◆ **Aim of the task**: Copy every line from the data below in which the string "продукцией" can be found.

- - - -

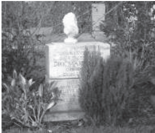
De zogenaamde 'broodjes' op de algemene graven te Papendrecht
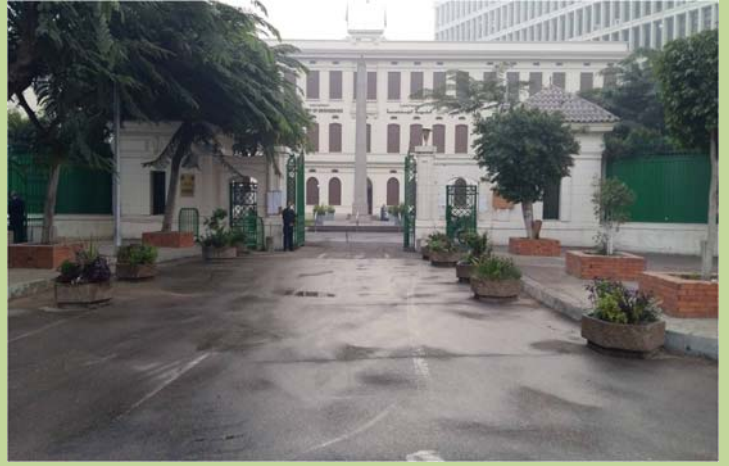
أحواض الزرع بعد التأهيل أمام المدخل الرئيسي للكلية
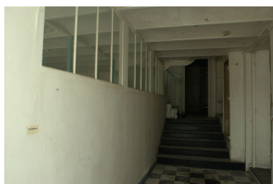
Détail ouverture latérale IVR82_20086900287NUCA
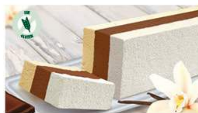
BLOQUE TRES GUSTOS 1 Ref.: 002541 1L
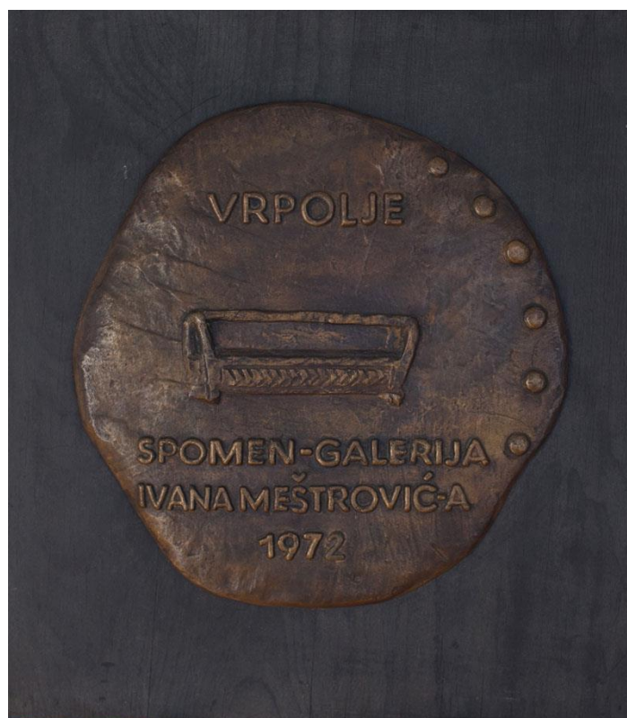
Slika 9. Radauš medalja revers
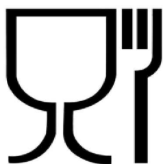
Рис. 1. Упаковка (укупорочные средства), предназначенная для контакта с пищевой продукцией

Символ, обозначающий, что упаковка предназначена для контакта с пищевой продукцией, допускается наносить как без рамки, так и в рамке (круглой, квадратной и др.).
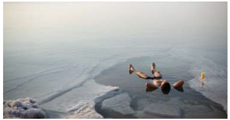
Relaxing at Dead Sea
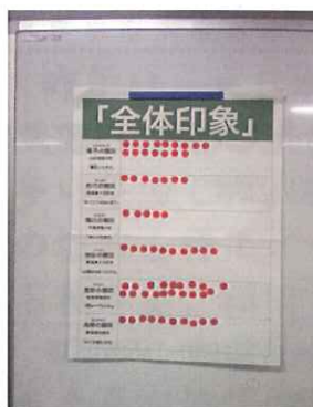
投票結果 坂折棚田は下から二段目

1月19日東京水道橋で、第6回東京棚田フェスティバルが行われ、今回初めてのイベントとして『おむすび合戦』がありました。さかおり棚田米（品種ミネアサヒ）を中野方町水道水で炊き上げ、上矢作のモンゴル塩でにぎった塩むすびが参加者の投票で最高点を取り、全体の印象賞というトップ賞を頂きました。
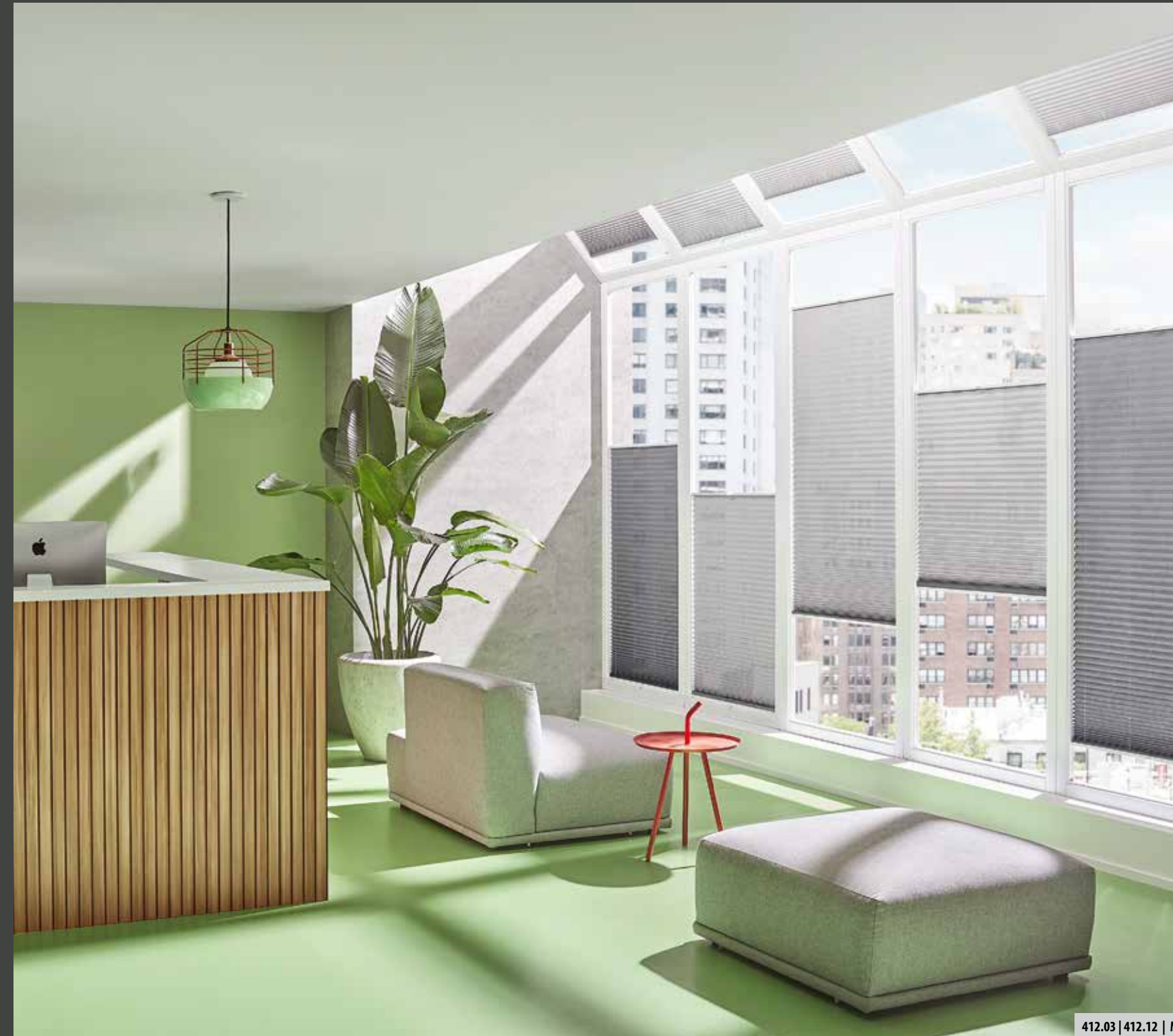
412.03 | 412.12 | M
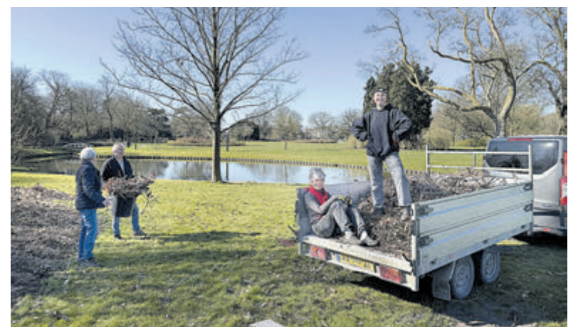
De oudste en jongste mochten even uitrusten op weer een volle aanhangwagen tijdens de voorjaarsbeurt voor het Seringenpark.

worden. Kruiwagens vol grond werden naar de plantvakken gereden en daar verdeeld. Aan het eind van de twee dagen was alles keurig aangeharkt en waren de bankjes en zelfs de vuilnisbakjes schoongeboend. De Stichting Behoud Seringenpark Aalsmeer en hovenier Harmen zijn de harde werkers dan ook heel dankbaar voor hun inzet. Het is mooi om te zien dat jong en oud zich willen inzetten zodat bezoekers weer kunnen genieten van 'hun' park.
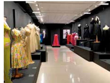
Museo de Algemesí.
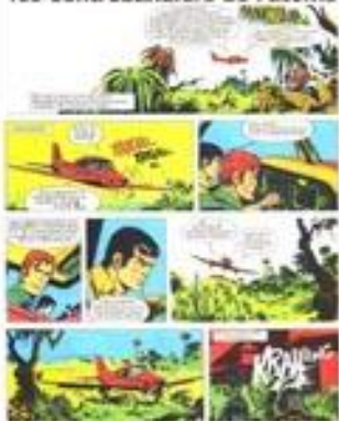
Planche BD en EO signée par Henri Vernes
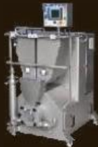
MASTER FF 1200-4000 fruit feeders
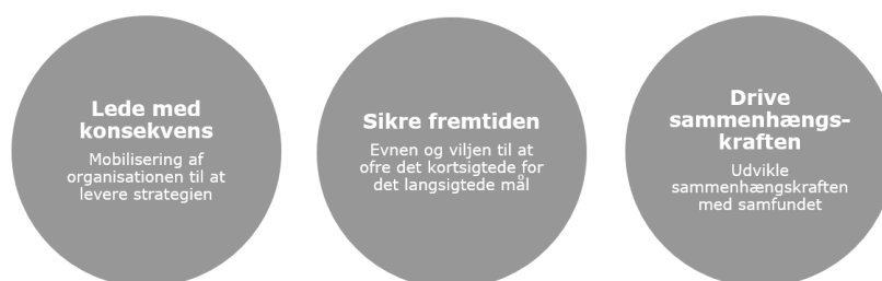
Figur 2. De tre karakteristika, som alle stewardship-ledere deler.

Ledere er både menneskelige og sårbare over for hovmod i forhold til vækst, profit og succes. Sårbarheden bliver måske større i takt med, at verden bliver stadigt mere forbundet, og som leder er det let at lade sig påvirke af nye tendenser og strømninger i et stort hav af muligheder. Ledere kan dermed blive ofre for deres egen succes eller bliver fortryllet af egne synspunkter. Hvis man vil være en virksomheds steward, må man derfor have dyb indsigt i virksomhedens historie, udvikling og værdier.
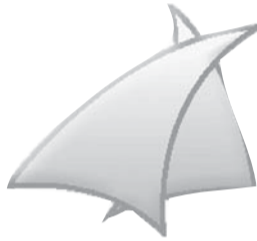
من أسرة تحرير «الوطن»
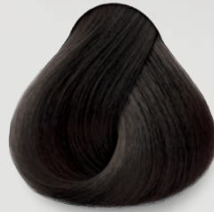
2 Castaño Extra Oscuro Extra Dark Brown
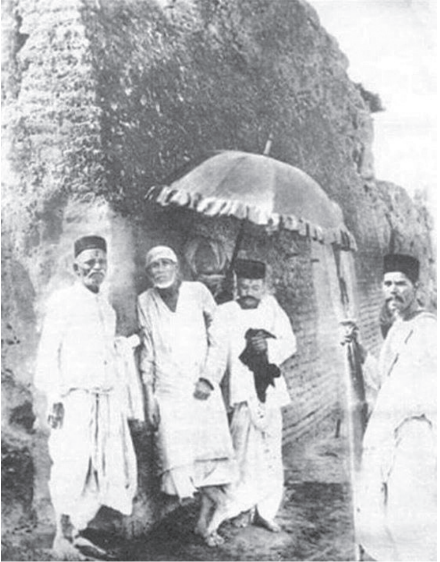
ఓం సాయి నాథాయ నమః:
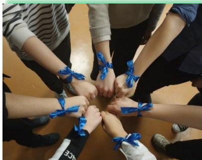
Муниципальное образование «Эхирит-Булагатский»
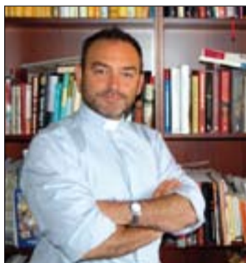
Jesús Sánchez Adalid

Premio ha recaído tanto en autores españoles como hispanoamericanos. Entre ellos encontramos autores como Mercedes Salisachs, Jorge Molist, Almudena de Arteaga, César Vidal, Ángeles de Irisarri o Alberto Vázquez Figueroa, entre otros.
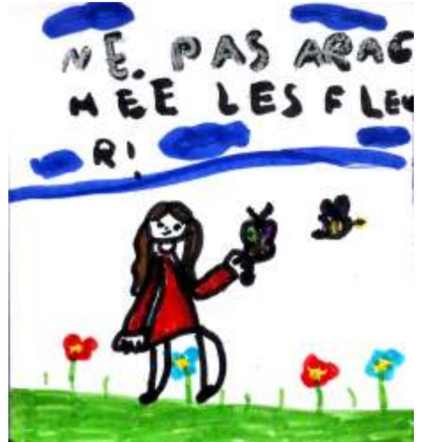
ماؤنا، 8 سنوات

انا رسمت فتاة مع بالونة لأنه جميل جدا المنظر لكل من يشاهده
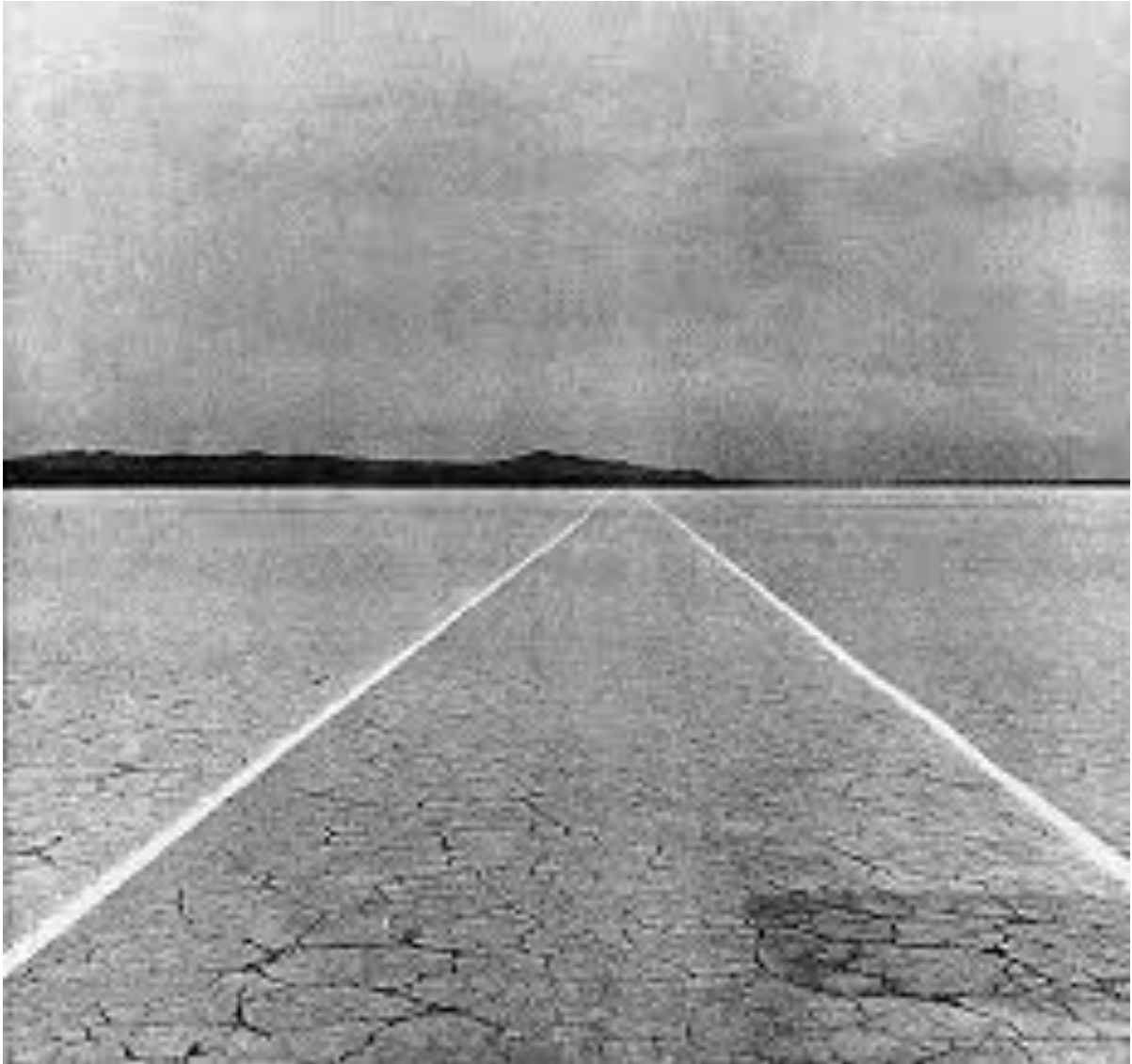
والتر دی‌ماریا، دو خط موازی، ۱۹۶۸، صحرای موجیو، کالیفرنیا، طراحی به طول یک مایل، فاصله دو خط ۳/۶۶ متر

برای دیدن اثر باید در آن مکان با امکانات ویژه و ایمنی کامل منتظر باشید، با امید به این که رعد و برق بزند و شما اثر را ببینید. عنصر ناپایداری که لند آر티ست‌ها دنبالش بودند در این اثر دیده می‌شود.
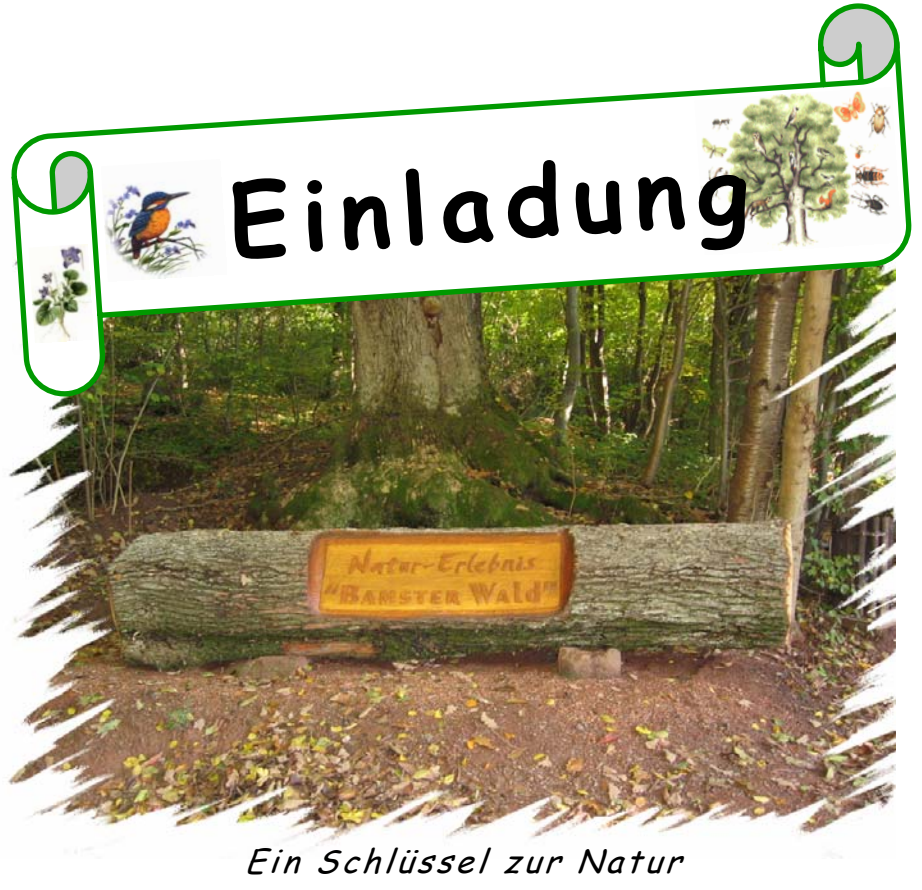
Ein Schlüssel zur Natur

- - - -

◆ **Finished task**:
Рис. 1. Упаковка (укупорочные средства), предназначенная для контакта с пищевой продукцией
Символ, обозначающий, что упаковка предназначена для контакта с пищевой продукцией, допускается наносить как без рамки, так и в рамке (круглой, квадратной и др.).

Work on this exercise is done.